_MATERIALS PROVIDED_.

----------------

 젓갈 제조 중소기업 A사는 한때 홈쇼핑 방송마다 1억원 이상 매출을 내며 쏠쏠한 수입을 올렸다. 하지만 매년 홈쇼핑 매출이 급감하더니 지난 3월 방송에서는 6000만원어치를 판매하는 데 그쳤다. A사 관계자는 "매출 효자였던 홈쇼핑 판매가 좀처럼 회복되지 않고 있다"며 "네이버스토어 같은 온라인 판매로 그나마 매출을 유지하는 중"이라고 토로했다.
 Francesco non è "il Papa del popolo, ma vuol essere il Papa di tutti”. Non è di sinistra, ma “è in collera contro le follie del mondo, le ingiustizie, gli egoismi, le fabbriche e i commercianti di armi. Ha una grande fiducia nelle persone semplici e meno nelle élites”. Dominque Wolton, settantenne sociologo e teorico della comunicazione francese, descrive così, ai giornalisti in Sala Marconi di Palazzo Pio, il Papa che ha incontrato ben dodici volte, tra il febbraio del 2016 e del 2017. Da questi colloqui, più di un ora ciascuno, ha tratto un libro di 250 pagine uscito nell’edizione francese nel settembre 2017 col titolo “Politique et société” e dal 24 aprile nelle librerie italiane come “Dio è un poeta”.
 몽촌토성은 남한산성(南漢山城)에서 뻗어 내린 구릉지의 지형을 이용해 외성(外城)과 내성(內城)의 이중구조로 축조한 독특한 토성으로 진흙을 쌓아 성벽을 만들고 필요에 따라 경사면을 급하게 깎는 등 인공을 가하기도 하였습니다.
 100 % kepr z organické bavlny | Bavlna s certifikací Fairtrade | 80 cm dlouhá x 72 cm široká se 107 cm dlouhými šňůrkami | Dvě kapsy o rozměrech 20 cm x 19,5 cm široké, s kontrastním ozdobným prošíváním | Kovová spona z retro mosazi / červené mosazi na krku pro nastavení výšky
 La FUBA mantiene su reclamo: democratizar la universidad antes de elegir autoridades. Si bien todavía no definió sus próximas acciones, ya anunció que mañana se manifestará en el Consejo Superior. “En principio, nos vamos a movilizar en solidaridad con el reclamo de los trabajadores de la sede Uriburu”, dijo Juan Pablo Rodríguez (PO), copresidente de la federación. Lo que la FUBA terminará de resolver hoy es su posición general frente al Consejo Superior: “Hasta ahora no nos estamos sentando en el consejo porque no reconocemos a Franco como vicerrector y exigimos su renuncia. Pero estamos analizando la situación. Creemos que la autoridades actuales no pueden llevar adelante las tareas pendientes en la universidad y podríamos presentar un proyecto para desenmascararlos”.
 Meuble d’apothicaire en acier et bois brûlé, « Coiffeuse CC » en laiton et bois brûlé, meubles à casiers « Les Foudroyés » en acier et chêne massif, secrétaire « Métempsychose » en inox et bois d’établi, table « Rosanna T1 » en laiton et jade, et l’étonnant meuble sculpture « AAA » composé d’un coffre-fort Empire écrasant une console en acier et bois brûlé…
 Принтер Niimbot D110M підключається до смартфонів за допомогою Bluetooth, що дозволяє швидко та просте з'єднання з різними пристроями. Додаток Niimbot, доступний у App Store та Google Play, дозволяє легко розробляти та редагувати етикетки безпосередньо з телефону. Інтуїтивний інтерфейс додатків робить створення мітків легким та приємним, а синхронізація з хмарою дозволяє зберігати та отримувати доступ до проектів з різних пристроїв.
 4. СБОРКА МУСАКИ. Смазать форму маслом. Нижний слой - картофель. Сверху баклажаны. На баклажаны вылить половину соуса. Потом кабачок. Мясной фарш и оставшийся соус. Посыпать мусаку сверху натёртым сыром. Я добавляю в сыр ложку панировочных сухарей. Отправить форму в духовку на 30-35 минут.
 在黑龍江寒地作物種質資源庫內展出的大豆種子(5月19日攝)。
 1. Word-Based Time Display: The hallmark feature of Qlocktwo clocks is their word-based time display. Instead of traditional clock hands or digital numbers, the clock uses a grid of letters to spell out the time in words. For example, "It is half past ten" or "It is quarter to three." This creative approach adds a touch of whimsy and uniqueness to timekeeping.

----------------

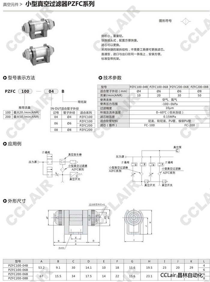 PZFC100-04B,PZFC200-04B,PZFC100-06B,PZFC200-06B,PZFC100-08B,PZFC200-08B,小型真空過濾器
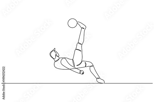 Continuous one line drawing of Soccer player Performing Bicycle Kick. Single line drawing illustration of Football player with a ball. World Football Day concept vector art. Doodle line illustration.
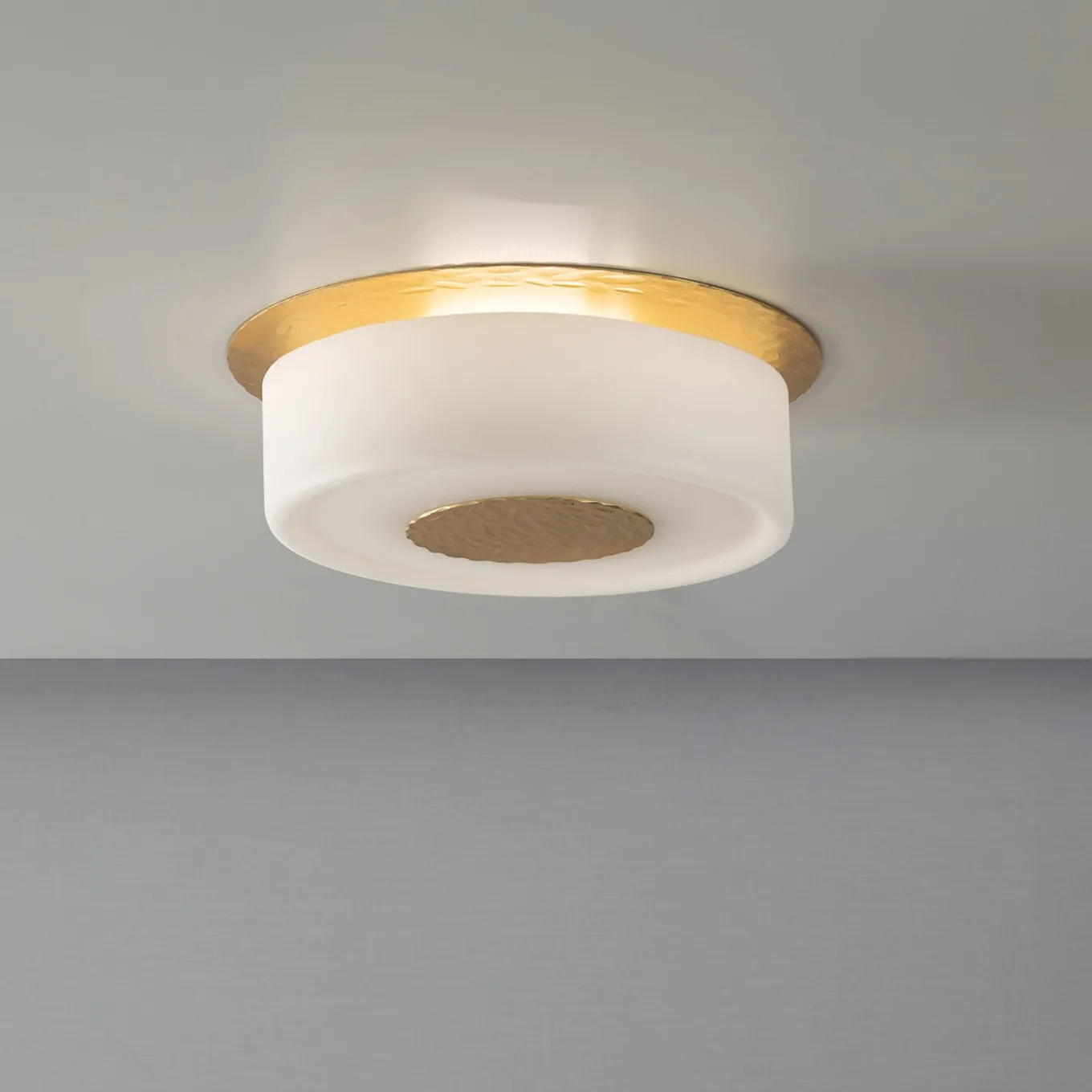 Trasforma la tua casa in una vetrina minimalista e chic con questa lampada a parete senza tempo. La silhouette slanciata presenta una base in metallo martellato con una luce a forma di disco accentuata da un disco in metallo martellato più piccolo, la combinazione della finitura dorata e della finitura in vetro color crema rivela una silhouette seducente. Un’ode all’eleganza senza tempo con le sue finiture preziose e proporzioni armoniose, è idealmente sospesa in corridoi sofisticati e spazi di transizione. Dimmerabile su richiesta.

----------------

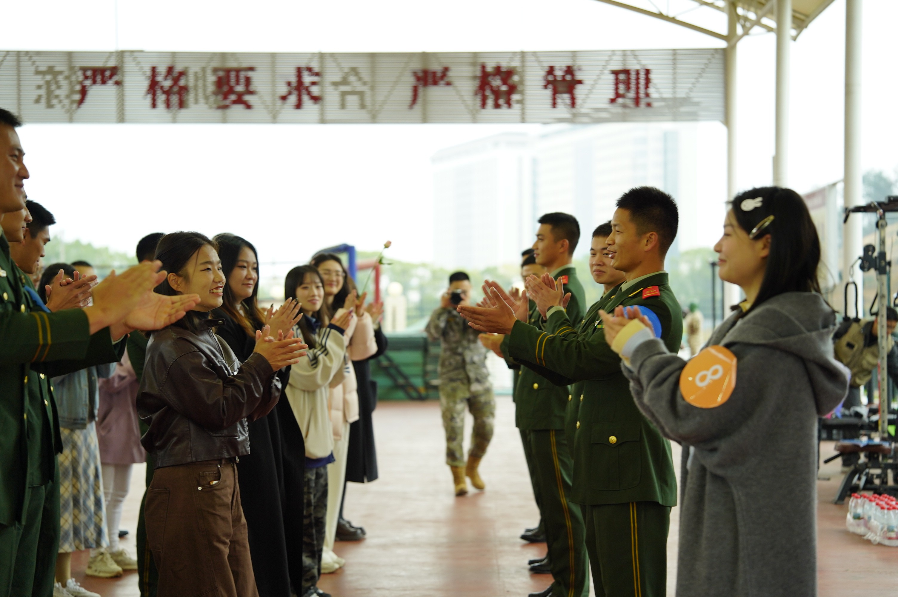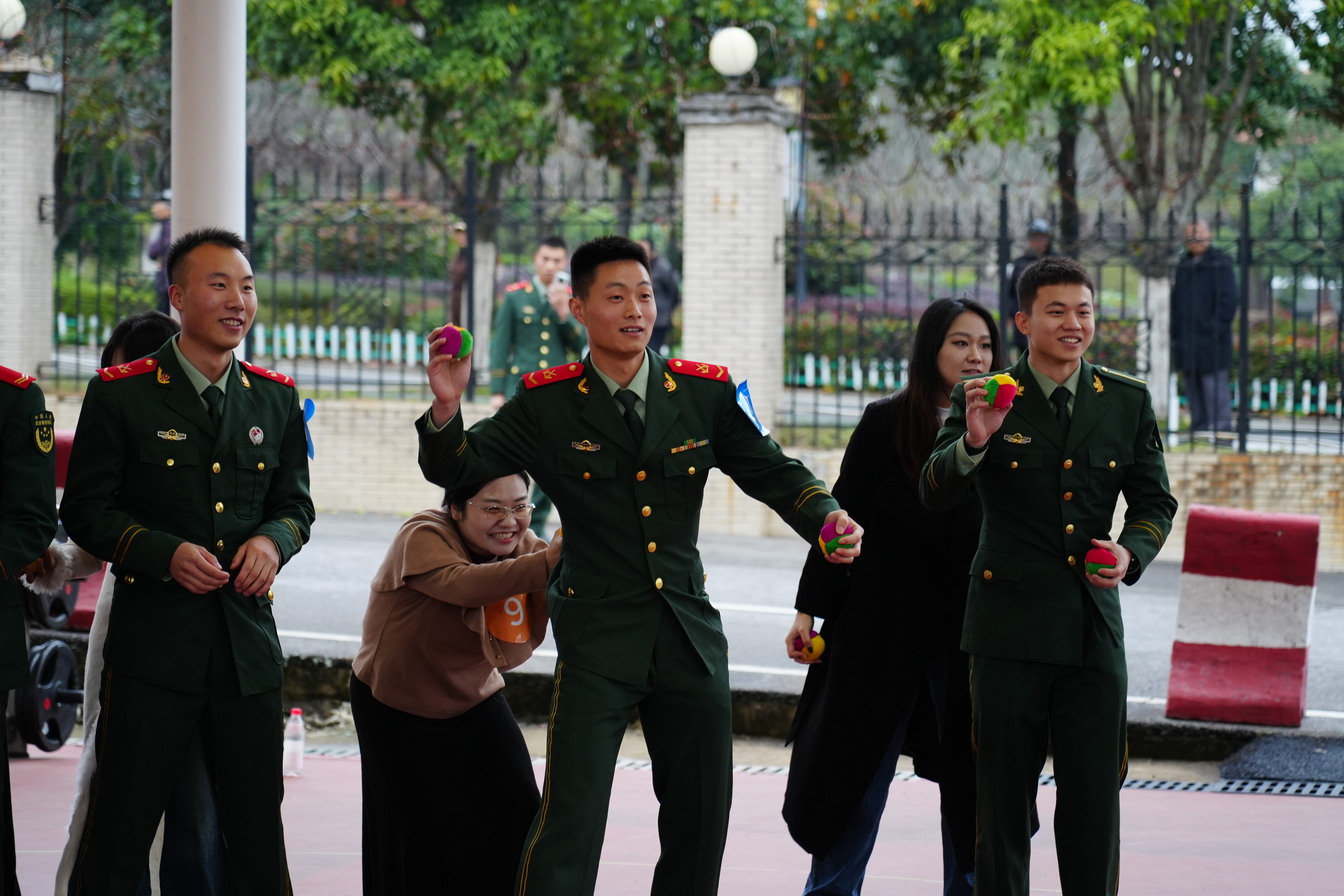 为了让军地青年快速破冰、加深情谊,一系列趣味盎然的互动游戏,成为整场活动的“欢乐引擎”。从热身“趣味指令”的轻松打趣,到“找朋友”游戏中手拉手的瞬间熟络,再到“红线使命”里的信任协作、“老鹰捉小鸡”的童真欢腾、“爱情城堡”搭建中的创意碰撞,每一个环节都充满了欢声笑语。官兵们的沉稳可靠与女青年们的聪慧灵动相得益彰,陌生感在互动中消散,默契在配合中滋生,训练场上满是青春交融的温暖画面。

----------------

_AIM OF THE TASK_.
Begin with the line that has "몽촌토성은 남한산성(南漢山城)에서 뻗어" in the listing above and end after the line that has "100 % kepr z"; output those lines exactly.

_RESULT_.
 몽촌토성은 남한산성(南漢山城)에서 뻗어 내린 구릉지의 지형을 이용해 외성(外城)과 내성(內城)의 이중구조로 축조한 독특한 토성으로 진흙을 쌓아 성벽을 만들고 필요에 따라 경사면을 급하게 깎는 등 인공을 가하기도 하였습니다.
 100 % kepr z organické bavlny | Bavlna s certifikací Fairtrade | 80 cm dlouhá x 72 cm široká se 107 cm dlouhými šňůrkami | Dvě kapsy o rozměrech 20 cm x 19,5 cm široké, s kontrastním ozdobným prošíváním | Kovová spona z retro mosazi / červené mosazi na krku pro nastavení výšky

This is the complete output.